- **YOUR INSTRUCTIONS**:
Every line below from the one containing "肥料養(yǎng)分:● 單質(zhì)化肥中的氮、磷、鉀; ●" through the one containing "Dit geboortekaartje heeft" is to be printed exactly, with the pictures omitted.

+++ PROVIDED ENTRIES +++

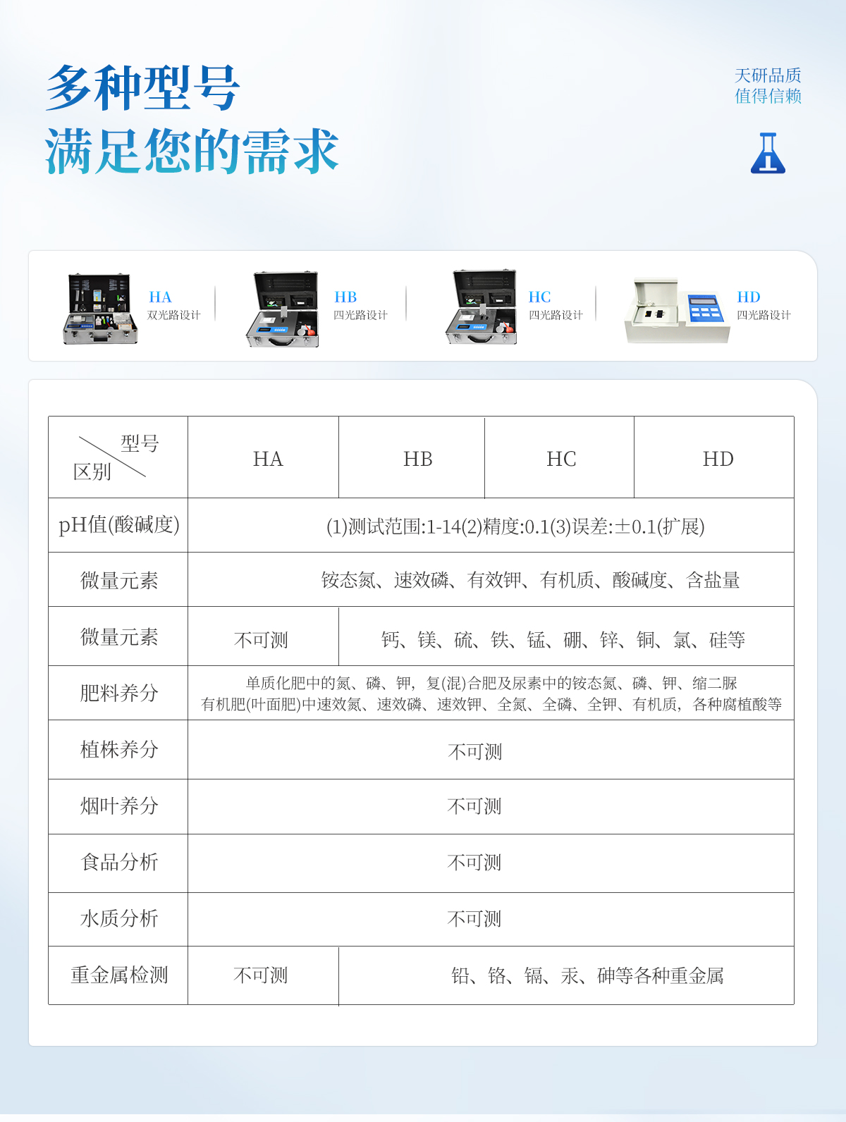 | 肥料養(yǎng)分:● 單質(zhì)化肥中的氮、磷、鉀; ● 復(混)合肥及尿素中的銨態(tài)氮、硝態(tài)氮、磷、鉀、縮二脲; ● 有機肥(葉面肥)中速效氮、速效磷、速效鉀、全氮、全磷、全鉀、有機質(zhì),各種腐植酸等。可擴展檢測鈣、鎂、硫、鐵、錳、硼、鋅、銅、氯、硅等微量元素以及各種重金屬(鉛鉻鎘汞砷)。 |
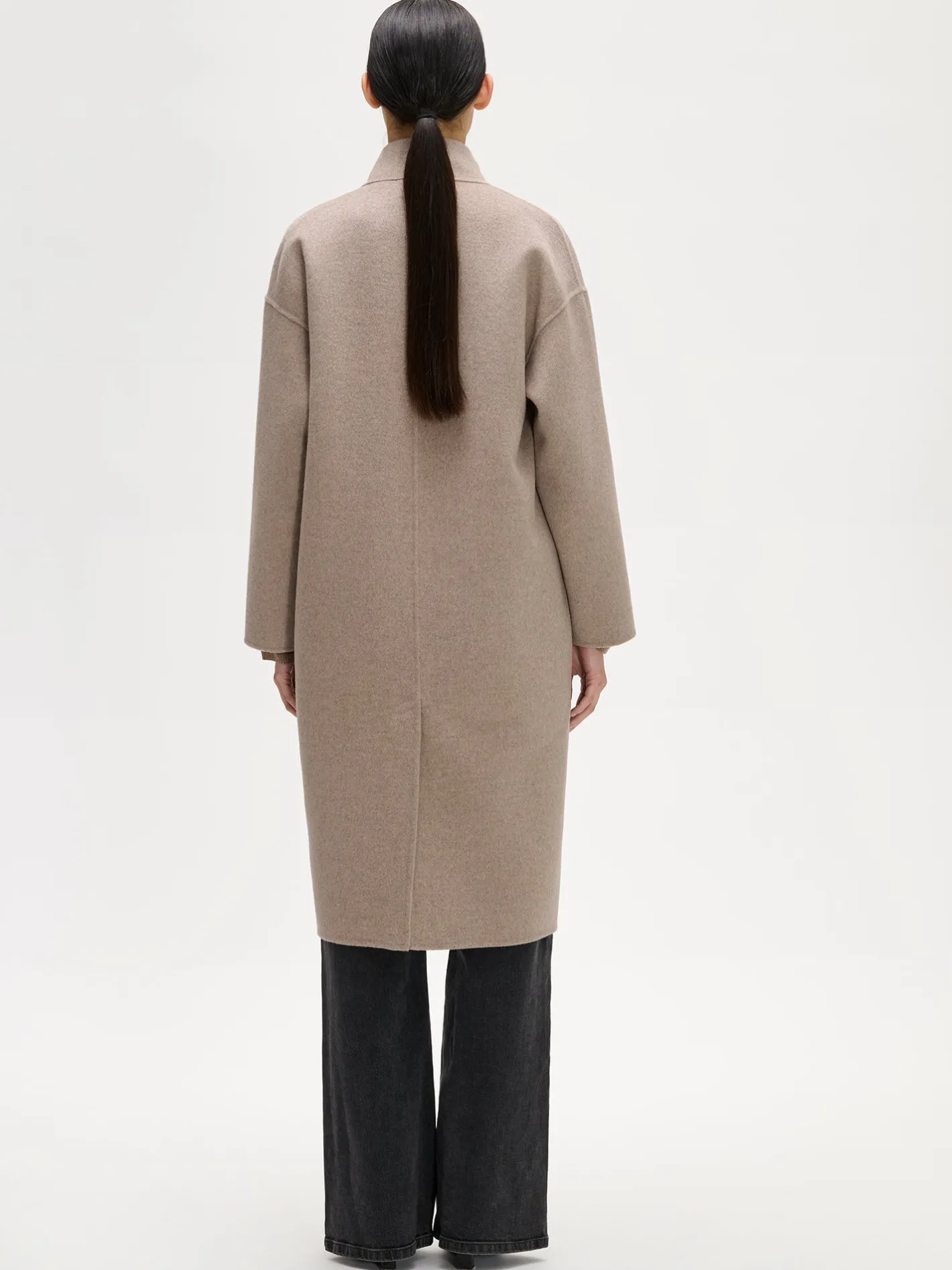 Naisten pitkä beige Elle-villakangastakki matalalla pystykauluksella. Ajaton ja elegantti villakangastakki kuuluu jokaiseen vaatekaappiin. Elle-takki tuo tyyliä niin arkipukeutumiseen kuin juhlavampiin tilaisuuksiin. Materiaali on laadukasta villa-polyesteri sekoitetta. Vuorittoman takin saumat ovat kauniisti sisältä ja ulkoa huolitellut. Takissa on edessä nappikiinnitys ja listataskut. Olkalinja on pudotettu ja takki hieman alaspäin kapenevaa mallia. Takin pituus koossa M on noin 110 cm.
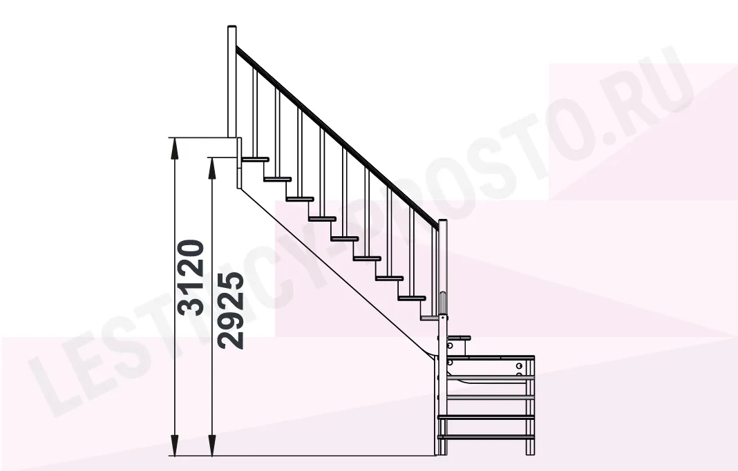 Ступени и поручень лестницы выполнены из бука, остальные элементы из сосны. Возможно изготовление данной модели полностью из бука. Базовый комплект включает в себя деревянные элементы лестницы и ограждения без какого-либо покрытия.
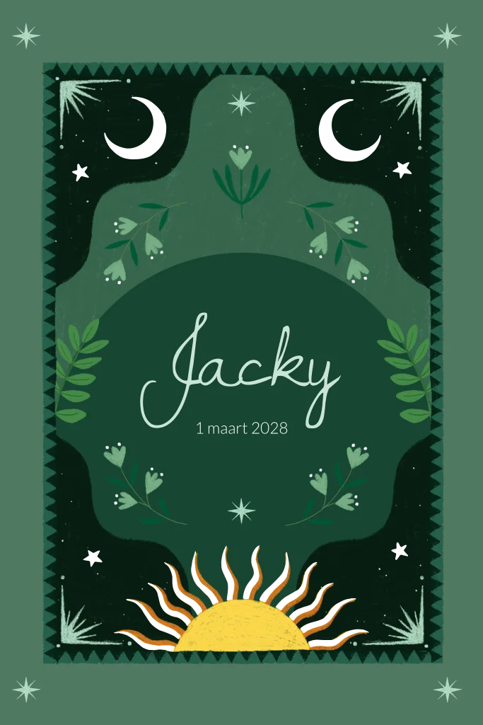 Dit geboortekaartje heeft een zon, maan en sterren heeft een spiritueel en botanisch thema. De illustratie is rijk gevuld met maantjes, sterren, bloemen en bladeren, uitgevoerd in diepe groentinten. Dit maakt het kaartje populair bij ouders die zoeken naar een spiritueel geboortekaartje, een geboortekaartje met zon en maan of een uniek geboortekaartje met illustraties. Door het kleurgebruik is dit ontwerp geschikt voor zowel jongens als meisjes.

+++
+++ PROVIDED ENTRIES +++

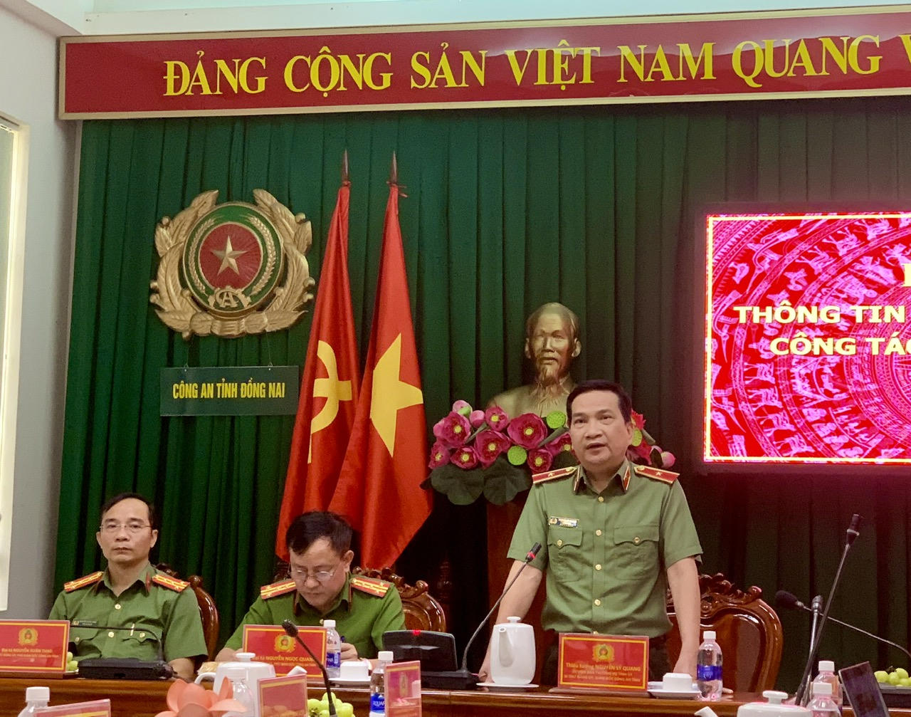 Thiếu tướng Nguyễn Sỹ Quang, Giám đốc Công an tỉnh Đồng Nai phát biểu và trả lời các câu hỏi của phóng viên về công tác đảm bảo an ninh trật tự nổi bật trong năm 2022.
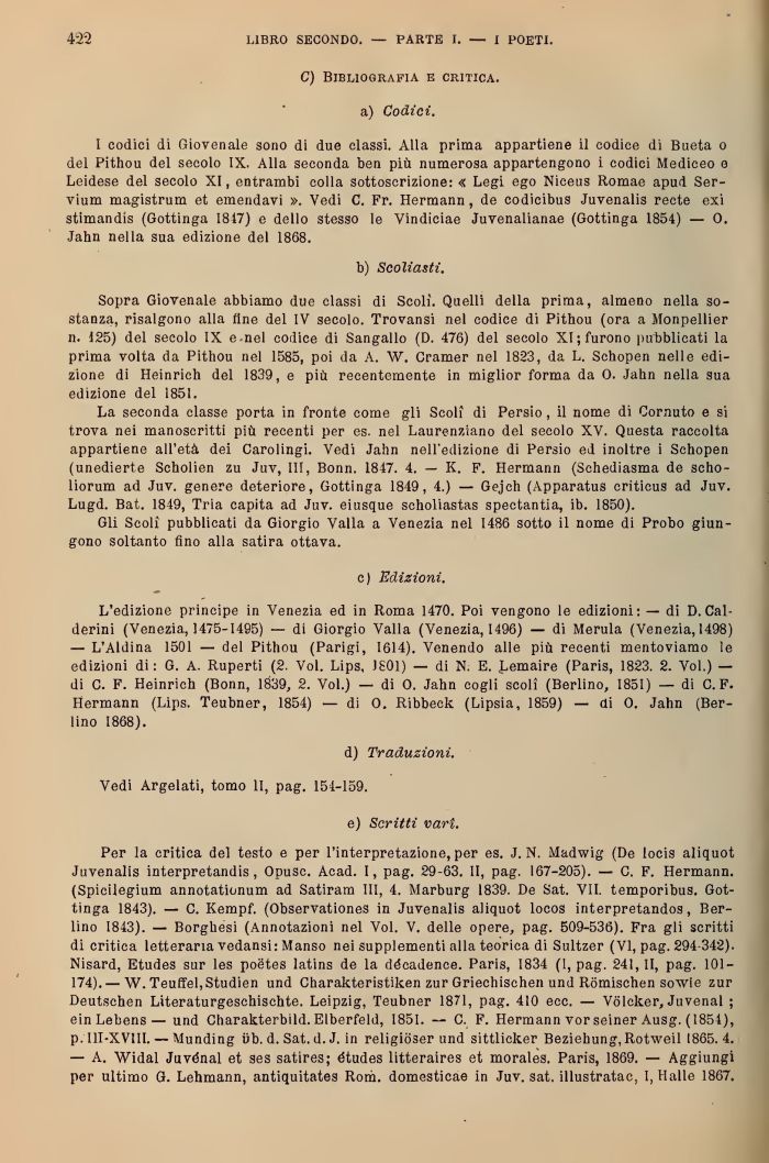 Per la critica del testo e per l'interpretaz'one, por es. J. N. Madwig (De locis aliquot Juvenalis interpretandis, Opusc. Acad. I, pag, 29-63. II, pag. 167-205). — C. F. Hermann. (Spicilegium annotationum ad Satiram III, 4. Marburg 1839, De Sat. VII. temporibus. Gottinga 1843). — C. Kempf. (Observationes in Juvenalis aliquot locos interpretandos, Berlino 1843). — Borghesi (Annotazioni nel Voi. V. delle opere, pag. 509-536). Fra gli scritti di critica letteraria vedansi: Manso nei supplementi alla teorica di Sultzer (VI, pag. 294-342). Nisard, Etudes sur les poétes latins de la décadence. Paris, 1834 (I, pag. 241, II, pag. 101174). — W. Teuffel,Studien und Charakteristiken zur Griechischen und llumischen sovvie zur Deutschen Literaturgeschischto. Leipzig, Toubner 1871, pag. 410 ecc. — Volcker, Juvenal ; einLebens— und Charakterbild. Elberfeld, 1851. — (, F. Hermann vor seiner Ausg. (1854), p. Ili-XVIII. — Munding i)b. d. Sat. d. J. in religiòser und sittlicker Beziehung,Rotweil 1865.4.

+++

- **SOLUTION FOR THIS PROBLEM**:
 | 肥料養(yǎng)分:● 單質(zhì)化肥中的氮、磷、鉀; ● 復(混)合肥及尿素中的銨態(tài)氮、硝態(tài)氮、磷、鉀、縮二脲; ● 有機肥(葉面肥)中速效氮、速效磷、速效鉀、全氮、全磷、全鉀、有機質(zhì),各種腐植酸等。可擴展檢測鈣、鎂、硫、鐵、錳、硼、鋅、銅、氯、硅等微量元素以及各種重金屬(鉛鉻鎘汞砷)。 |
 Naisten pitkä beige Elle-villakangastakki matalalla pystykauluksella. Ajaton ja elegantti villakangastakki kuuluu jokaiseen vaatekaappiin. Elle-takki tuo tyyliä niin arkipukeutumiseen kuin juhlavampiin tilaisuuksiin. Materiaali on laadukasta villa-polyesteri sekoitetta. Vuorittoman takin saumat ovat kauniisti sisältä ja ulkoa huolitellut. Takissa on edessä nappikiinnitys ja listataskut. Olkalinja on pudotettu ja takki hieman alaspäin kapenevaa mallia. Takin pituus koossa M on noin 110 cm.
 Ступени и поручень лестницы выполнены из бука, остальные элементы из сосны. Возможно изготовление данной модели полностью из бука. Базовый комплект включает в себя деревянные элементы лестницы и ограждения без какого-либо покрытия.
 Dit geboortekaartje heeft een zon, maan en sterren heeft een spiritueel en botanisch thema. De illustratie is rijk gevuld met maantjes, sterren, bloemen en bladeren, uitgevoerd in diepe groentinten. Dit maakt het kaartje populair bij ouders die zoeken naar een spiritueel geboortekaartje, een geboortekaartje met zon en maan of een uniek geboortekaartje met illustraties. Door het kleurgebruik is dit ontwerp geschikt voor zowel jongens als meisjes.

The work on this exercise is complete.